Further information is available via the Adobe web site at:
http://www.adobe.com/support/security/bulletins/apsb06-11.html
ImageIO
CVE-ID: CVE-2006-4391
Available for: Mac OS X v10.4 through Mac OS X v10.4.7, Mac OS X
Server v10.4 through Mac OS X Server v10.4.7
Impact: Viewing a maliciously-crafted JPEG2000 image may lead to
an application crash or arbitrary code execution
Description: By carefully crafting a corrupt JPEG2000 image, an
attacker can trigger a buffer overflow which may lead to an
application crash or arbitrary code execution. This update
addresses the image by performing additional validation of
JPEG2000 images.

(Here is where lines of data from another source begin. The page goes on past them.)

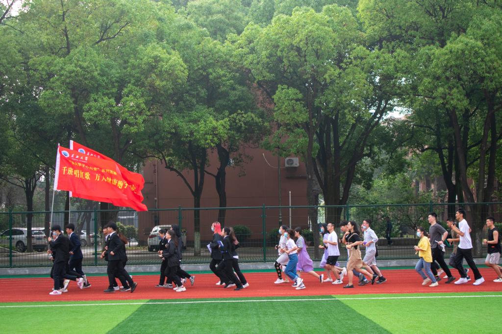在活动的最后一项议程中,电信学院党委副书记郭启炜向我院传授了“千班唱红歌,万人健康跑”旗帜,我院万人健康跑正式开始,此次升旗仪式在全体同学绕操场健康跑两圈后结束。
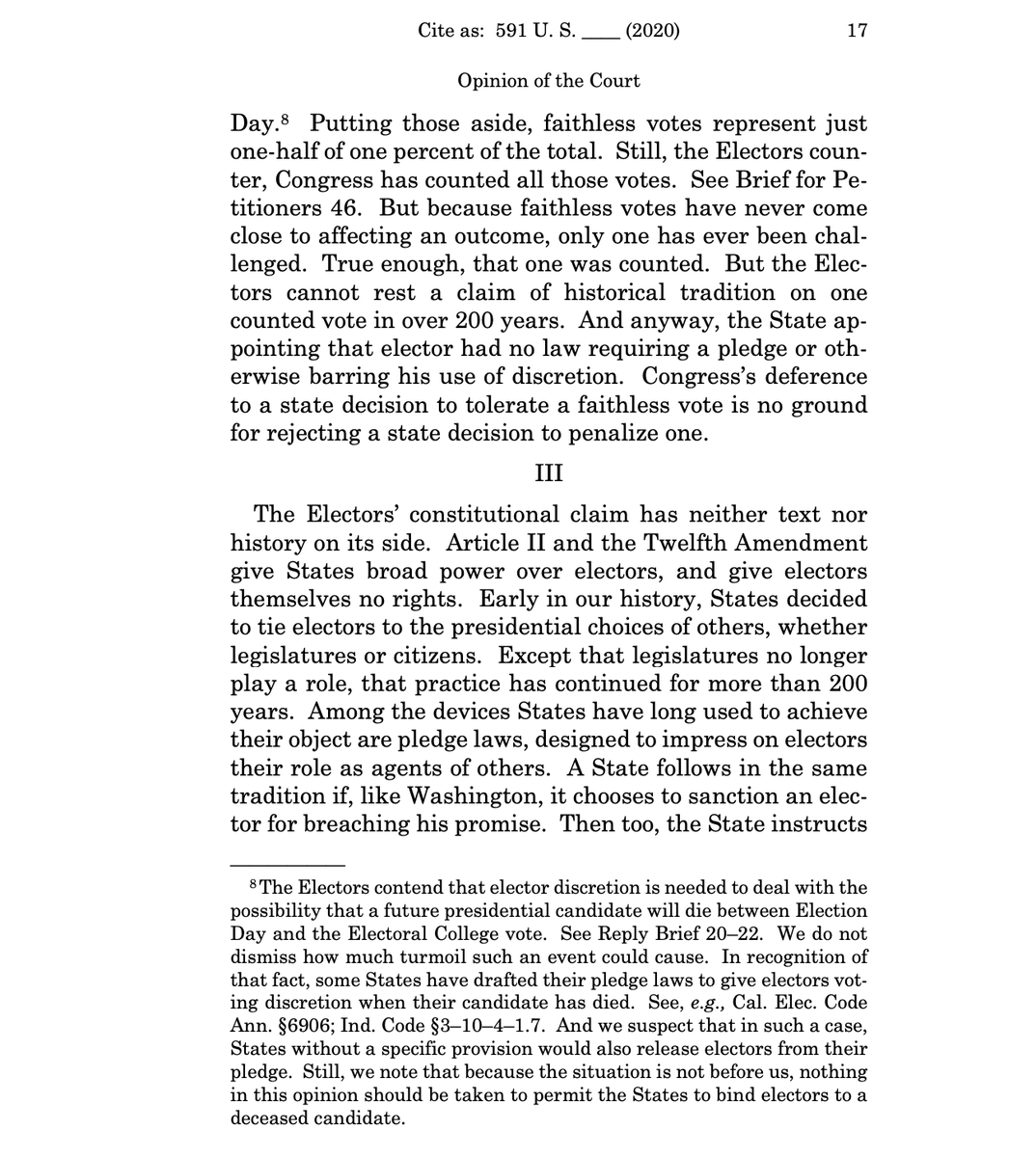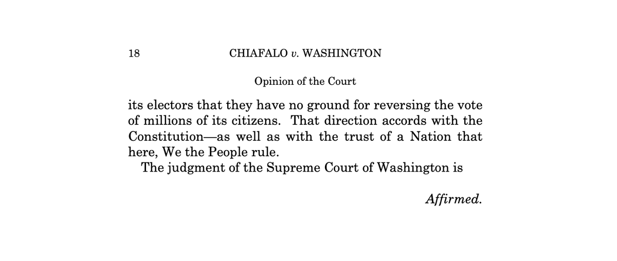 Supreme Court rules that “faithless elector” laws, which allow states to remove or fine Electoral College delegates who don't vote for the candidate they were pledged to support are constitutional. This ruling is a reminder about the need to reform the Electoral College.pic.twitter.com/wYAEGV1VEz
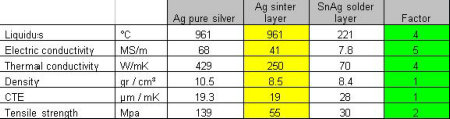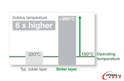 如果有人要考慮燒結(jié)層的厚度,燒結(jié)層的厚度比標(biāo)準(zhǔn)焊接層薄4.5倍,導(dǎo)熱系數(shù)大4倍。這使得燒結(jié)連接具有良好的熱性能。燒結(jié)層也表現(xiàn)出遠(yuǎn)高于焊接層的循環(huán)能力。這就得到一個事實(shí),即燒結(jié)連接中所用銀的熔點(diǎn)比今天普遍使用的無鉛焊料要高出4倍(見表1)。燒結(jié)技術(shù)高溫穩(wěn)定性表明連接層沒有老化。
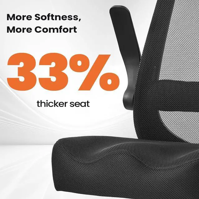 & - The mesh office chair back promotes airflow to keep you cool during long work sessions. Flip-up armrests allow the chair to slide easily under desks, making it perfect for compact home offices and drafting spaces.
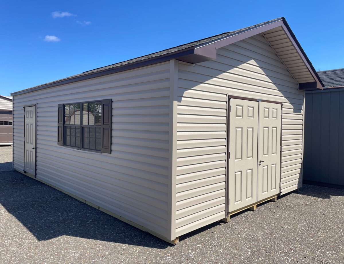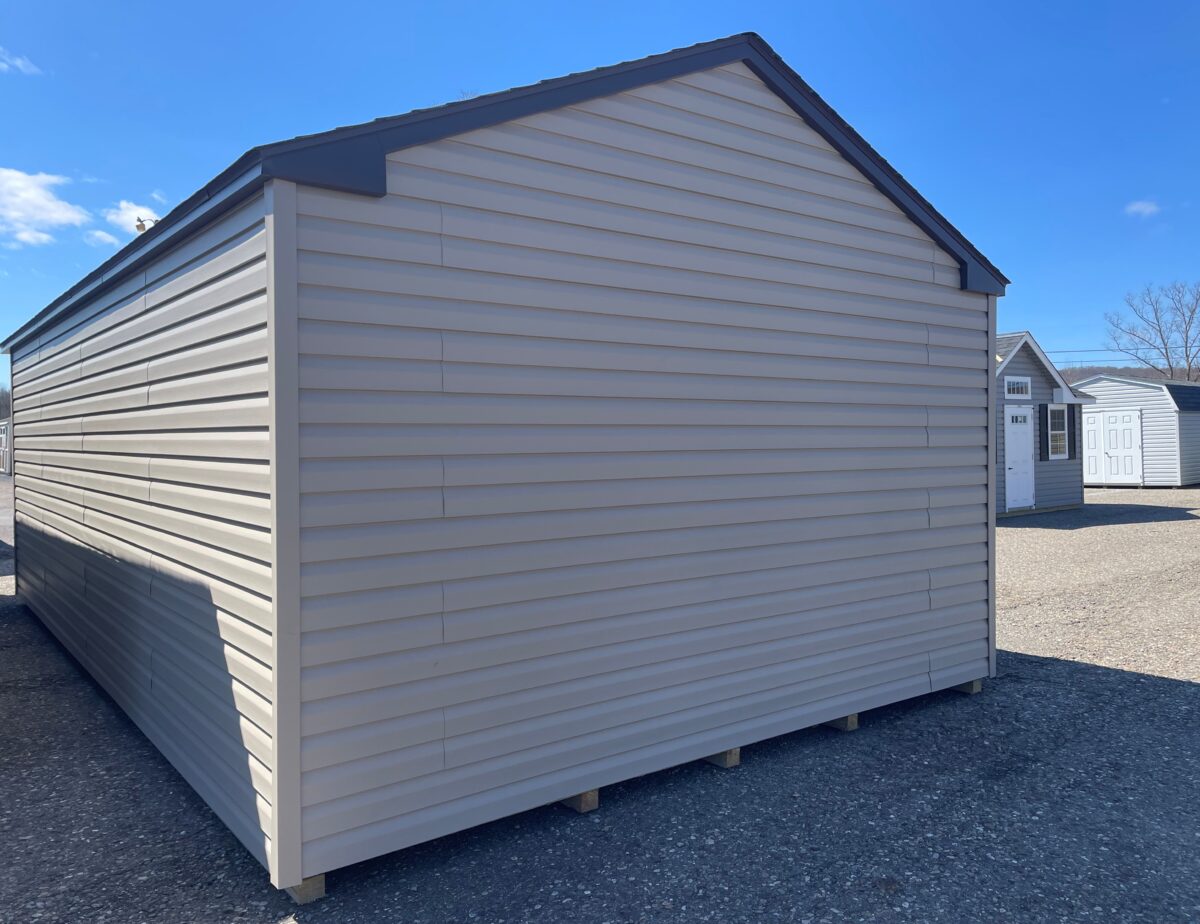 This Amish built maintenance-free vinyl sided 14×24 Peak Front, you can store all your gear with ease in this storage shed! It’s double doors allow easy access for lawn movers, tools, and other large items. It’s superior construction includes 4×4 pressure treated runners, double top wall plates (with interlocking corners), 5/8” engineered Performax floor sheeting, and 2×4 wall and rafter studding on 16″ centers. We don’t settle on lumber quality… we use only top quality lumber on your structure!
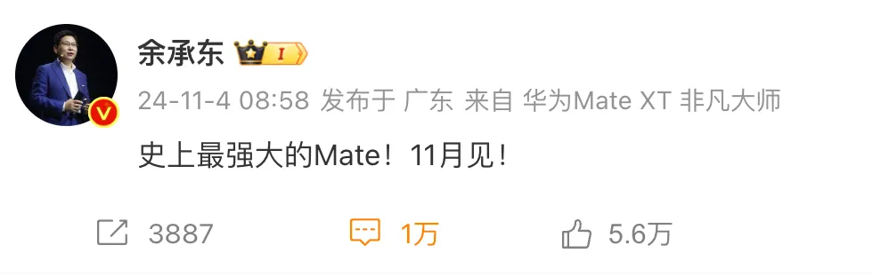 11月4日华为常务董事、终端BG董事长、智能汽车解决方案BU董事长余承东在微博预热称「史上最强大的Mate!11月见!」 官宣Mate 70系列将于本月发布,随后有爆料称华为Mate 70系列发布会或于11月26日举行,现在配置也有进一步爆料。
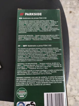 Multímetro de pinzas de la marca Parkside. - Para medir tensión continua y alterna. - Mide corriente continua y alterna. - Mide resistencia. - Incluye pilas. - 3 años de garantía.
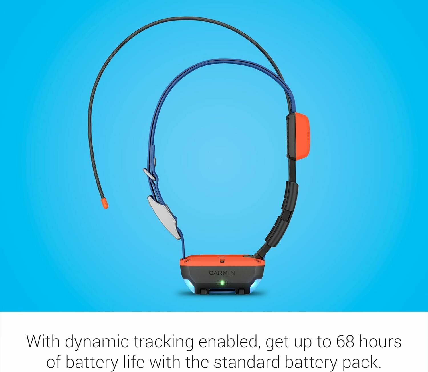 динамическое отслеживание движений вашей собаки для экономии заряда; светодиод для отслеживания в темноте; совместимость с более ёмкой батареей до 136 часов; автоматические обновления при зарядке и подключении к вашей сети с помощью технологии Wi-Fi; совместимость с портативными устройствами Garmin для отслеживания собак, такими как Alpha и Pro 550 Plus (продаются отдельно)
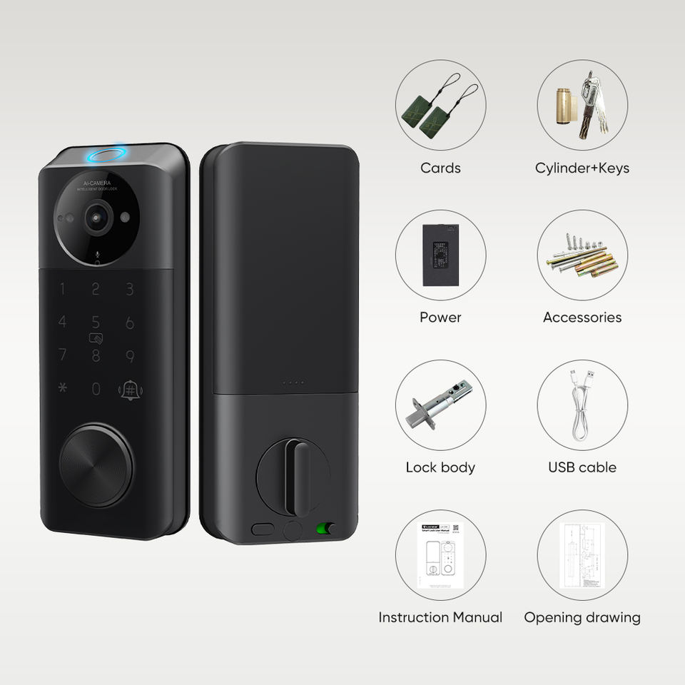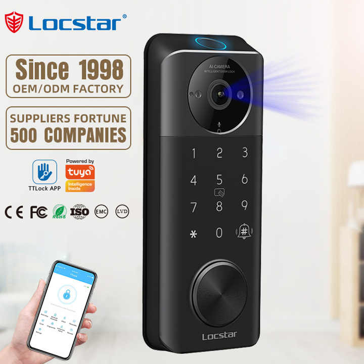 Locstar résidentiel électronique empreinte digitale mot de passe numérique TTlock Touch Id serrure de porte à pêne dormant avant sans clé intelligente avec caméra
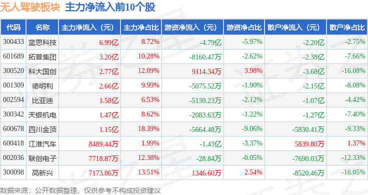从资金流向上来看,当日无人驾驶板块主力资金净流出104.18亿元,游资资金净流入19.26亿元,散户资金净流入84.92亿元。无人驾驶板块个股资金流向见下表:

This issue does not affect systems prior to Mac
OS X v10.4. Credit to Tom Saxton of Idle Loop Software Design
for reporting this issue.
Kernel
CVE-ID: CVE-2006-4392
Available for: Mac OS X v10.4 through Mac OS X v10.4.7, Mac OS X
Server v10.4 through Mac OS X Server v10.4.7
Impact: Local users may be able to run arbitrary code with
raised privileges
Description: An error handling mechanism in the kernel, known as
Mach exception ports, provides the ability to control programs
when certain types of errors are encountered. Malicious local
users could use this mechanism to execute arbitrary code in
privileged programs if an error is encountered. This update
addresses the issue by restricting access to Mach exception
ports for privileged programs. Credit to Dino Dai Zovi of
Matasano Security for reporting this issue.
LoginWindow
CVE-ID: CVE-2006-4397
Available for: Mac OS X v10.4 through Mac OS X v10.4.7, Mac OS X
Server v10.4 through Mac OS X Server v10.4.7
Impact: After an unsuccessful attempt to log in to a network
account, Kerberos tickets may be accessible to other local users
Description: Due to an unchecked error condition, Kerberos
tickets may not be properly destroyed after unsuccessfully
attempting to log in to a network account via loginwindow. This
could result in unauthorized access by other local users to a
previous user's Kerberos tickets. This update addresses the
issue by clearing the credentials cache after failed logins.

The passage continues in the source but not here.